/*
* Copyright (C) 2016 The Android Open Source Project
*
* Licensed under the Apache License, Version 2.0 (the "License");
* you may not use this file except in compliance with the License.
* You may obtain a copy of the License at
*
* http://www.apache.org/licenses/LICENSE-2.0
*
* Unless required by applicable law or agreed to in writing, software
* distributed under the License is distributed on an "AS IS" BASIS,
* WITHOUT WARRANTIES OR CONDITIONS OF ANY KIND, either express or implied.
* See the License for the specific language governing permissions and
* limitations under the License.
*/
#ifndef ART_COMPILER_OPTIMIZING_LOOP_OPTIMIZATION_H_
#define ART_COMPILER_OPTIMIZING_LOOP_OPTIMIZATION_H_
#include "induction_var_range.h"
#include "nodes.h"
#include "optimization.h"
namespace art {
class CompilerDriver;
/**
* Loop optimizations.

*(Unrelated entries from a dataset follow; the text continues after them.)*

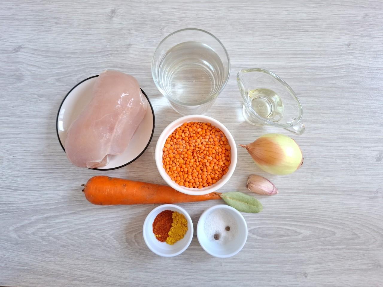 Подготовьте все необходимые ингредиенты Подойдет не только грудка, но и филе бедра или индейка. Если мясо заморожено, предварительно разморозьте его на нижней полке холодильника. Кроме красной чечевицы подойдут и другие сорта. Также можете взять фасоль или горох. Количество чеснока и специй берите по своему вкусу. О секретах и тонкостях приготовления различных видов супов вы можете прочитать в статье по ссылке после описания рецепта.
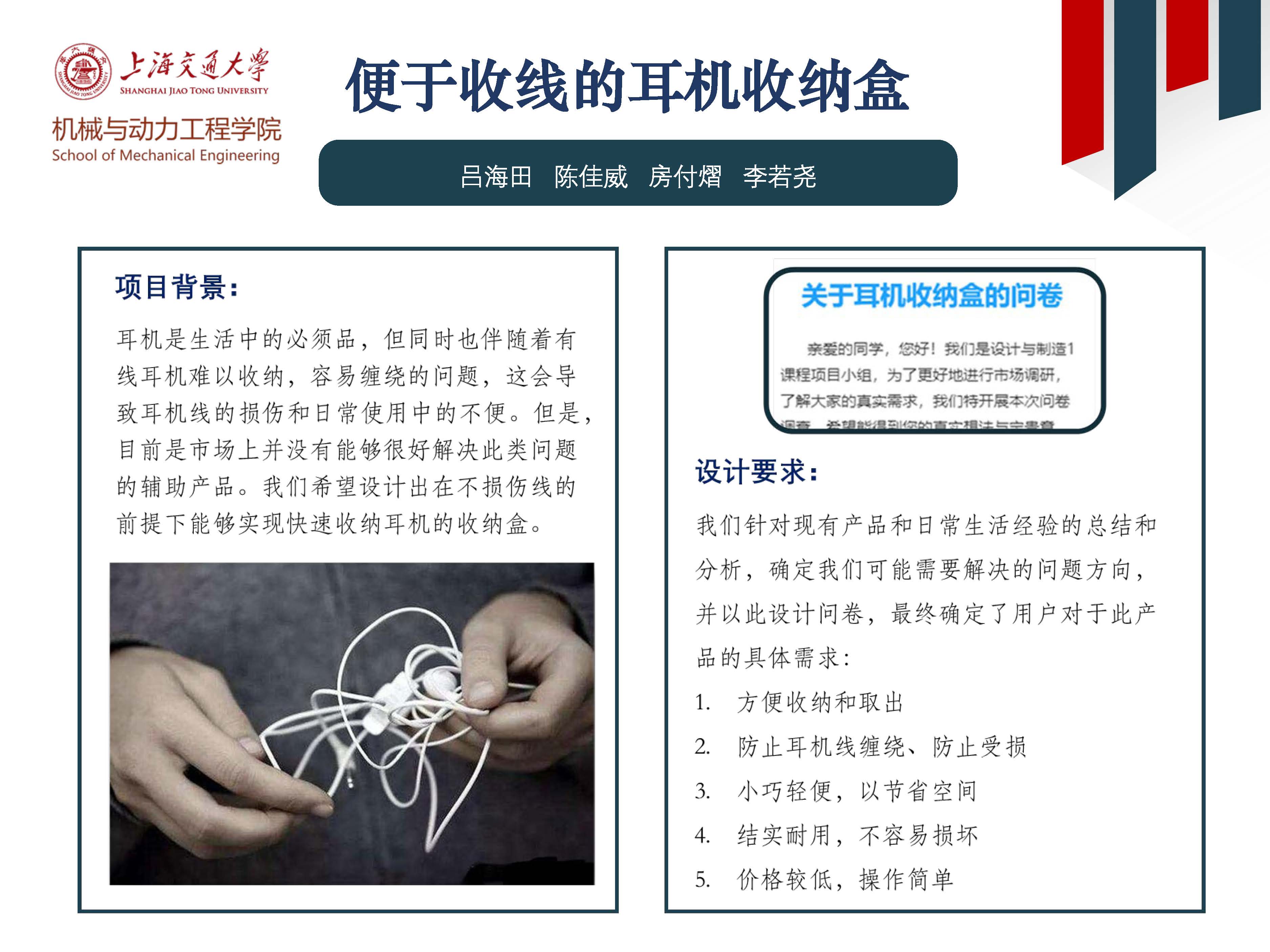 根据客户需求调查和质量功能展开,本小组主要针对耳机收线难的问题设计一种可以简便收线过程的同时保护线不受损伤的装置。首先设计合理的动力装置和传动装置,以达到方便收取线、防缠绕和小巧轻便的客户需求,同时设计包括外壳、绕线柱在内的其它零件,使之符合QFD给出的开槽、传动系数大和轴直径大的工程特征。在完成零件整体设计后,根据力学分析验证方案的合理性,并给出包括3d模型、材料和工艺在内的完整结构和加工方案,并完成其市场性的检验。
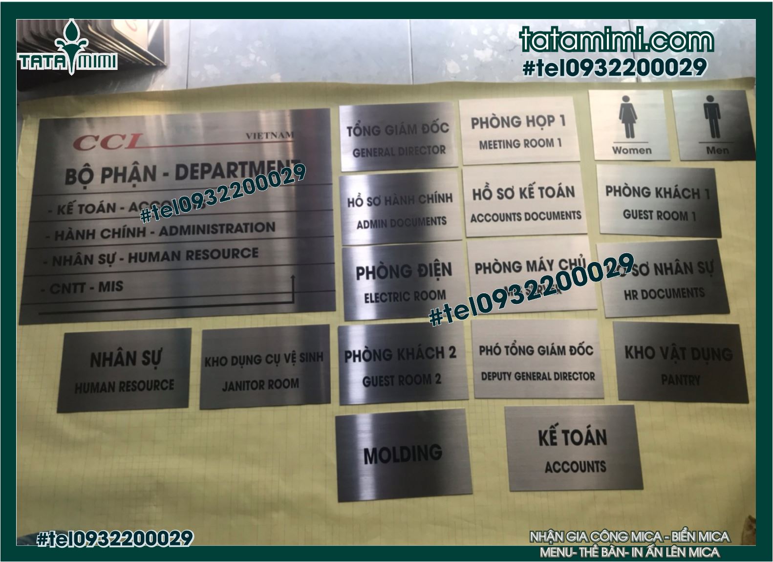 Biển inox phòng ban có thể dán trực tiếp lên tường hoặc để bàn
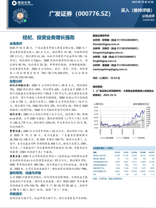 【国金证券】【202510】经纪、投资业务增长强劲-4页 证券期货研究报告
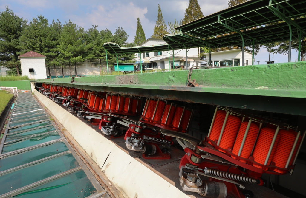 | ▲ 클레이 사격장의 트랩하우스에 설치된 클레이 방출기 [사진/진성철 기자] |
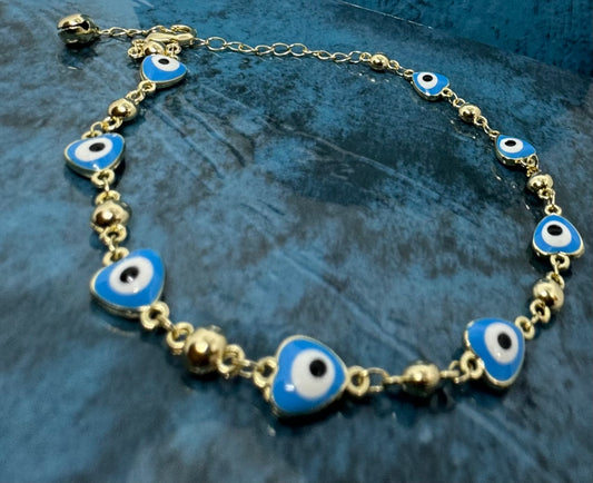 Gold and Turquoise Colored Evil Eye Anklet 10"
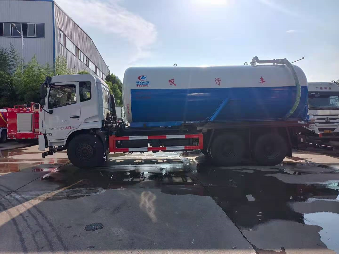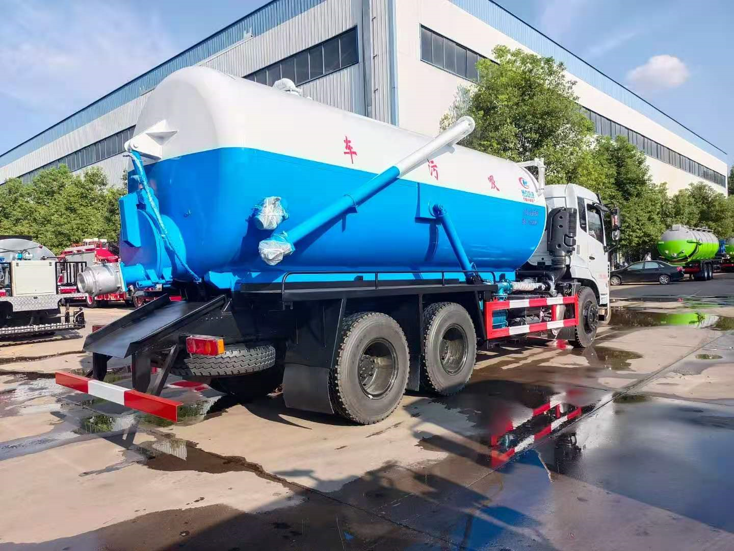 上裝配置 污罐:Q235武鋼6MM厚碳鋼板,標配采用億豐2BE-204水循環泵,防溢閥,視糞管,配一根8米吸污管,罐體封頭一次壓鑄成型、罐體帶舉升,后蓋為液壓開啟。罐內污物可通過后蓋直接傾倒,具有真空度高、噸位大、效率高、用途更廣泛的特點。
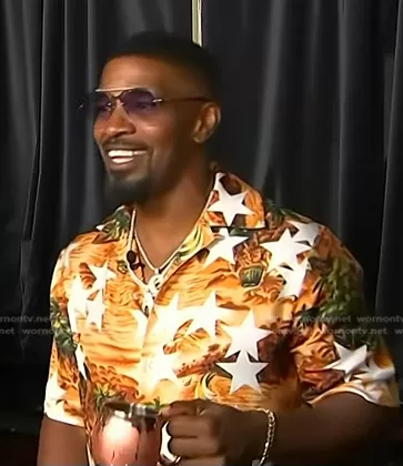 on Access Hollywood on NBC was spotted wearing this star print shirt on Access Hollywood on Jun 29 2023's episode. 's Shirt is the Silk Graphic-Print Shirt by Amiri.
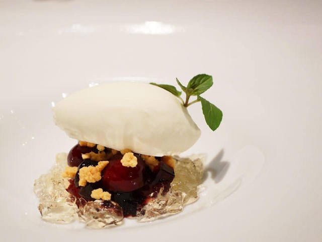 ディナーの最後は「ダークチェリーとKisvin Blancのゼリー ヨーグルトアイス添え」。ヨーグルト味のシャーベットはしっとり滑らかで、スーっと溶けていく。キラキラと揺れる見た目が美しいゼリーは、Kisvinの白ワインで作られており、多品種のブドウを使ってできたワインを使うことで、マスカットの香りと甘み豊かに仕上がっている。サクランボとベリーの甘酸っぱさが、ブランの酸味を閉じ込めたゼリーと調和し、初夏にぴったりの味わいだ。
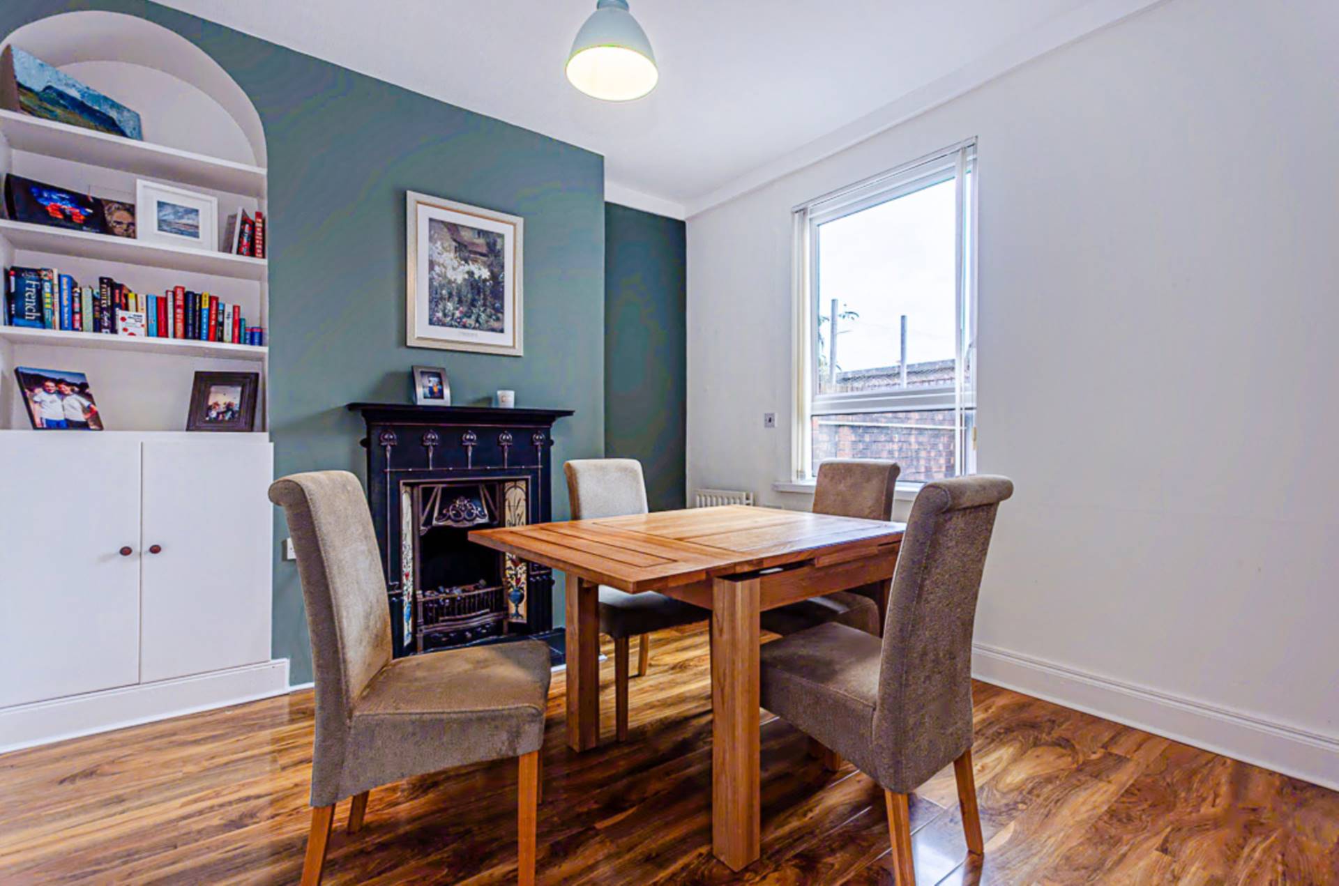 From the traditional red-brick terraced façade step inside to find period features, like the original tiled floor in the hallway and timber detailing, setting the tone for a warm and inviting atmosphere. The extended kitchen has fitted cabinets and integrated appliances and more than enough room to whip up Sunday dinners or experiment with new recipes. Plus, there is a dining room with a period fireplace where you can gather around for a laugh or two with loved ones. The living room, complete with a traditional fireplace, makes for a cosy nook to end the day.
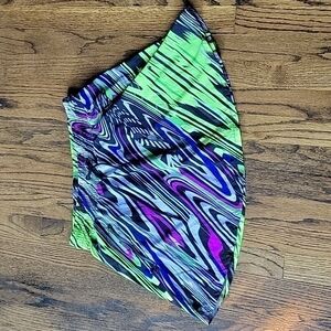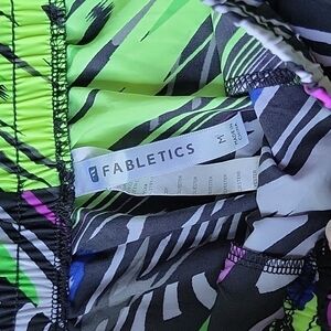 Mikah Skirt by Fabletics. Water marble printed striped neon, hot pink, yellow, purple, black, white, grey. Silk touch fabric. Zipper pockets. Elastic drawstring waist. Size Medium.
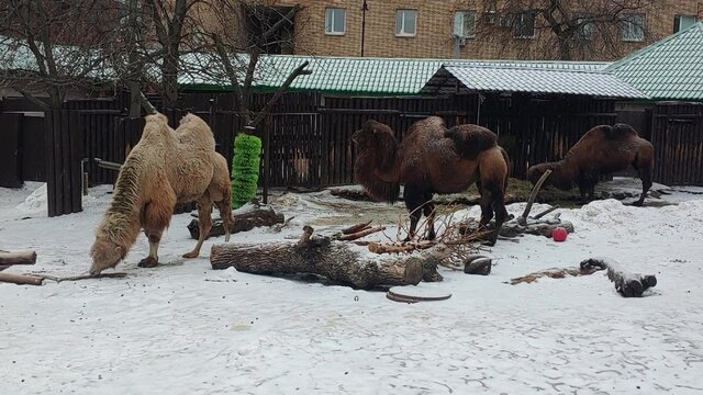Дружное семейство кустарниковых собак в полном составе выходит на весеннюю прогулку в Московском зоопарке.
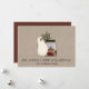 Tarjeta de vacaciones Kraft de muñeco de nieve rústico y hombres de jengibre. Qué forma tan caprichosa de enviar sus saludos navideños a su familia, amigos y socios comerciales. La tarjeta presenta un adorable y primitivo muñeco de nieve campestre junto a un frasco de mason con hombres de jengibre y un ramito de acebo y bayas. La tarjeta es perfecta para artesanos, panaderos o cualquiera que ame lo campestre.
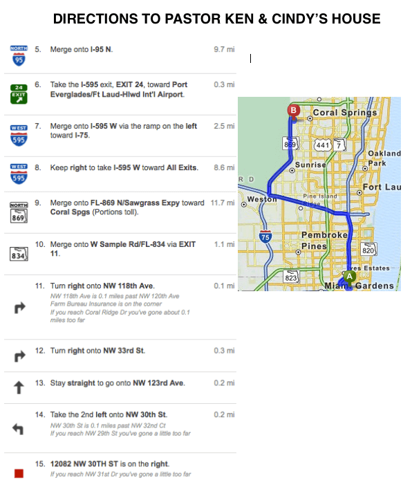 Map and directions to Ken and Cindy’s house.
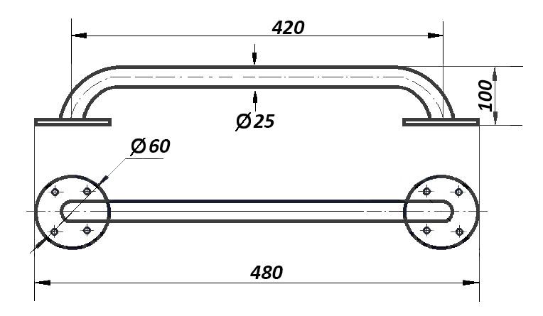 - Поручень виконаний з гнутого сталевої труби діаметром 25 мм.
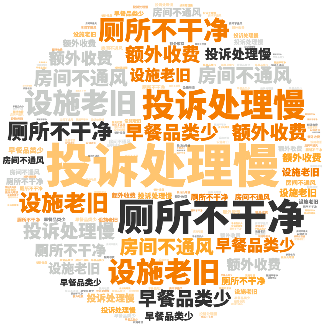 点评指数:经济型酒店点评指数平均得分达72.8分,整体出现显著下降,未有300分品牌出现,好评维度平均是差评维度的0.9倍。好评关键词主要是经济型酒店的入住快、设施新、性价比高等方面。差评关键词主要集中服务意识弱、有异味、态度敷衍等方面。
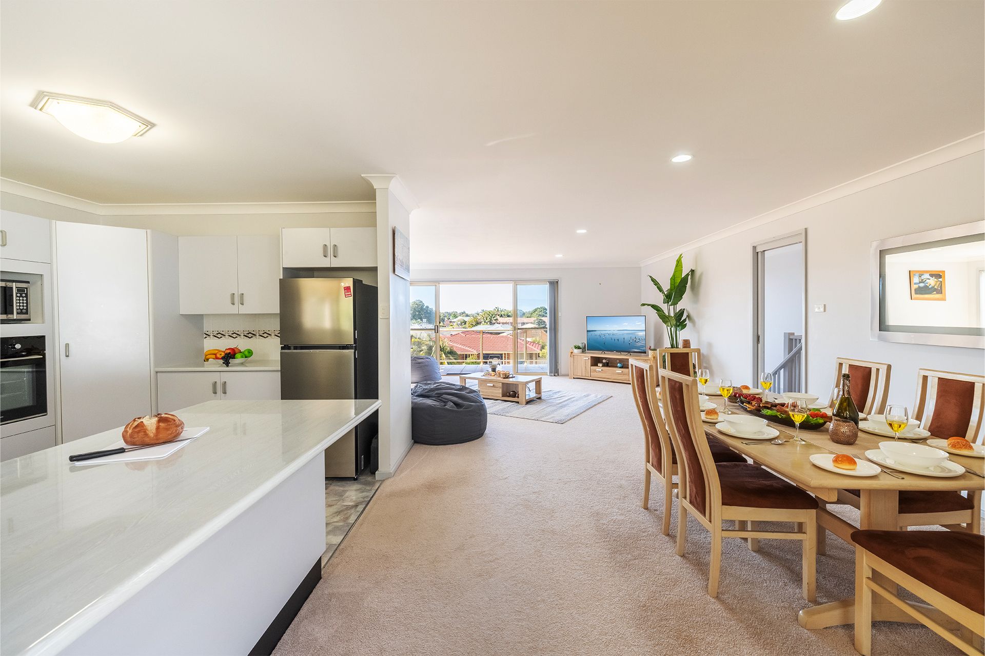 The kitchen is fully equipped and has complete cooking facilities including electric cooktop, wall oven, Air Fryer, microwave, family size fridge/ freezer and dishwasher, there is even a DeLonghi coffee pod machine available. The enclosed back deck area has dining for six people, electric BBQ and is perfect for the beloved fur baby to sleep – the owners provide a small dog bed and bowls.
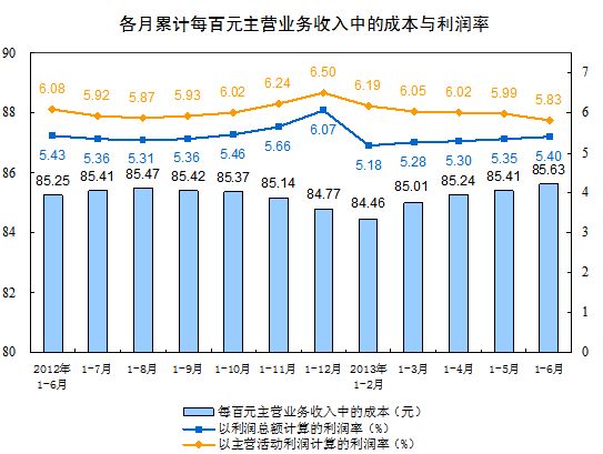 1-6月份,規(guī)模以上工業(yè)企業(yè)實現(xiàn)主營業(yè)務(wù)收入478365.4億元,比去年同期增長11.4%。每百元主營業(yè)務(wù)收入中的成本為85.63元,以利潤總額計算的利潤率為5.4%,以主營活動利潤計算的利潤率為5.83%。

Builds a loop hierarchy and applies optimizations to
* the detected nested loops, such as removal of dead induction and empty loops
* and inner loop vectorization.
*/
class HLoopOptimization : public HOptimization {
public:
HLoopOptimization(HGraph* graph,
CompilerDriver* compiler_driver,
HInductionVarAnalysis* induction_analysis);
void Run() OVERRIDE;
static constexpr const char* kLoopOptimizationPassName = "loop_optimization";
private:
/**
* A single loop inside the loop hierarchy representation.
*/
struct LoopNode : public ArenaObject<kArenaAllocLoopOptimization> {
explicit LoopNode(HLoopInformation* lp_info)
: loop_info(lp_info),
outer(nullptr),
inner(nullptr),
previous(nullptr),
next(nullptr) {}
HLoopInformation* loop_info;
LoopNode* outer;
LoopNode* inner;
LoopNode* previous;
LoopNode* next;
};
/*
* Vectorization restrictions (bit mask).
*/
enum VectorRestrictions {
kNone = 0, // no restrictions
kNoMul = 1, // no multiplication
kNoDiv = 2, // no division
kNoShift = 4, // no shift
kNoShr = 8, // no arithmetic shift right
kNoHiBits = 16, // "wider" operations cannot bring in higher order bits
kNoSignedHAdd = 32, // no signed halving add
kNoUnroundedHAdd = 64, // no unrounded halving add
kNoAbs = 128, // no absolute value
};
/*
* Vectorization mode during synthesis
* (sequential peeling/cleanup loop or vector loop).
*/
enum VectorMode {
kSequential,
kVector
};
/*
* Representation of a unit-stride array reference.
*/
struct ArrayReference {
ArrayReference(HInstruction* b, HInstruction* o, Primitive::Type t, bool l)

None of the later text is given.